一、问题发现
命令行进入数据库实例手动给某张表进行alter操作,发现如下报错。
mysql> use xx_xxx; No connection. Trying to reconnect... Connection id: 5 Current database: *** NONE *** Reading table information for completion of table and column names You can turn off this feature to get a quicker startup with -A Database changed mysql> show tables; ERROR 2006 (HY000): MySQL server has gone away No connection. Trying to reconnect... Connection id: 3 Current database: xx_xxx ERROR 2006 (HY000): MySQL server has gone away No connection. Trying to reconnect... ERROR 2002 (HY000): Can't connect to local MySQL server through socket '/tmp/mysql.sock' (111) ERROR: Can't connect to the server
二、问题定位
上述这种错误常见是MySQL实例关闭或者非正常宕机、MySQL连接超时、MySQL请求线程被kill。根据现有的业务场景,审核平台能正常连接数据库甚至连接有问题的数据库建表,MySQL服务对外正常,错误日志没有非正常输出,没有开发或者测试人员反映有问题的数据库存在使用问题。但是通过Navicat连接打开问题数据库发现报错(MySQL server has gone away),通过命令行界面进入其他数据库,执行数据库命令都正常,进入问题数据库连最基本的数据库相应变量值和状态值都无法show。

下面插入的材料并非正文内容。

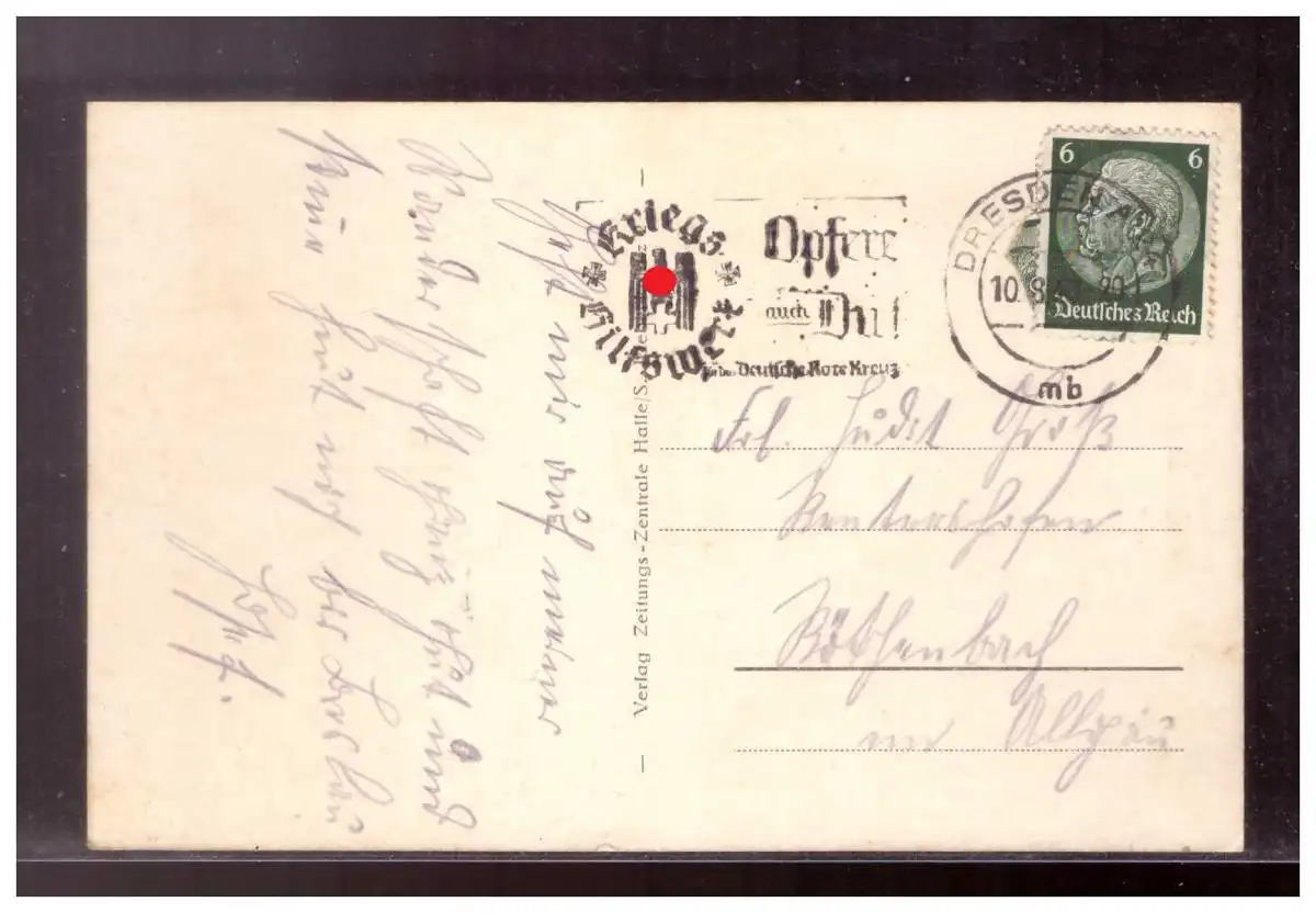 Dt- Reich (022273) Postkarte Halle mit Postwerbestempel Kriegshilfswerk Opfer auch Du!, gel. Dresden

排查暴力破解数据库尝试连接的源头,缩小问题来源(这里排查走偏了),发现问题依然存在。但是比较难理解的是通过审核平台使用问题库却能建表成功,与之前遇到的整库数据文件损坏还不一样,这里怀疑可能是某张表数据文件损坏导致了错误。
查看日志发现实例存在异常shutdown和崩溃恢复记录,但还不能确定具体的原因,可以明确的是单个库存在问题,可以从其他途径去恢复。但是DBA存在即有价值,我们可以尽可能的先尝试以最小的代价解决问题。虽之前遇到过多次硬件故障导致的数据文件损坏,可以通过集群的其他实例和备份完成恢复并不会很大影响业务,也遇到过自己测试发现单个库文件坏得很彻底,但能通过dump出来数据文件进行恢复。
解决问题后追溯问题,发现日志记录如下故障点(这个日志比较久远,当问题来临时可能没有那么多时间给予分析,需要快速定位初步问题并解决,解决问题的时候不一定能发现这个重要的排错依据,放上日志只是仅供参考和回溯故障原因)。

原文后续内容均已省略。